Federal courts exercising diversity jurisdiction must apply state law as it has been interpreted by the state's highest court. Borman v. Raymark Indus., Inc., 960 F.2d 327, 331 (3d Cir.1992). If the state's highest court “has not addressed the issue, the federal court must predict its holding.” Id. In making predictions, the decisions of state intermediate appellate courts are not dispositive, but should be accorded significant weight in the absence of an indication that the highest state court would rule otherwise. See Rolick v. Collins Pine Co., 925 F.2d 661, 664 (3d Cir.1991); see also Coppola v. JNESO Pocono Med. Ctr., 400 Fed.Appx. 683, 683–84 (3d Cir.2010).
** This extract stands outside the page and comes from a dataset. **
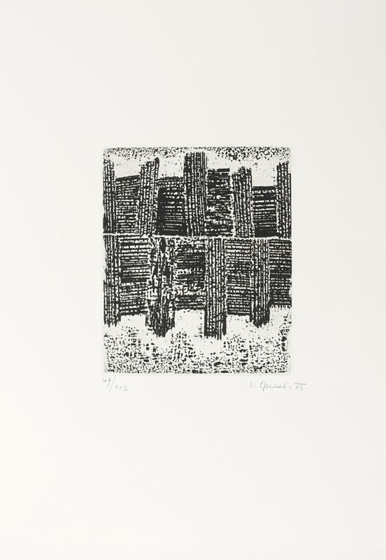 Acquaforte. mm 250x205. Foglio: mm 647x462. Firma e data a matita in basso a destra e tiratura in basso a sinistra. Opera stampata da Il Bisonte, la cui filigrana è presente all'angolo superiore destro. Es. 49/102.

Kamco's complaint asserts that Lovejoy breached the Agreement's implied covenant of good faith and fair dealing by

classifying all but three of the accounts Kamco had previously serviced as House Accounts. In Ash v. Continental Ins. Co., the Pennsylvania Supreme Court noted in a footnote that there exists “considerable disagreement over the applicability of the implied duty of good faith.” 593 Pa. 523, 932 A.2d 877, 884 n. 2 (2007). The Ash Court noted that Section 205 of the Restatement (Second) of Contracts states that “[e]very contract imposes on each party a duty of good faith and fair dealing in its performance and its enforcement,” and that several Pennsylvania Superior courts have held that Pennsylvania has adopted Section 205. Id. (citing Herzog v. Herzog, 887 A.2d 313, 317 (Pa.Super.Ct.2005); Conomos, Inc. v. Sun Co., Inc., 831 A.2d 696, 705–06 (Pa.Super.Ct.2003)). However, the Court also noted that several older decisions “have indicated the covenant of good faith and fair dealing is recognized only in limited situations.” Id. (citing Creeger Brick & Building Supply Inc. v. Mid–State Bank and Trust Company, 385 Pa.Super. 30, 560 A.2d 151 (1989) (noting that limited duty of good faith has been recognized in cases involving franchisor-franchisee relationships, insurer-insured relationships, and employer-employee relationships); Agrecycle, Inc. v. City of Pittsburgh, 783 A.2d 863 (Pa.Cmwlth.2001); Department of Transportation v. E–Z Parks, Inc., 153 Pa.Cmwlth. 258, 620 A.2d 712 (1993)). The Ash Court suggested that one court had “reconciled the conflicting case law [by] determining, ‘[u]nder Pennsylvania Law, a covenant of good faith and fair dealing is implied in every contract. However, it does not create a cause of action in every case.’ ” Id. (quoting Fraser v. Nationwide Mut. Ins. Co., 135 F.Supp.2d 623, 643 (E.D.Pa.2001)). Ultimately, however, the Court declined to resolve the “apparent conflict over the applicability of the implied duty of good faith” because the issue had not been presented in Ash. Id.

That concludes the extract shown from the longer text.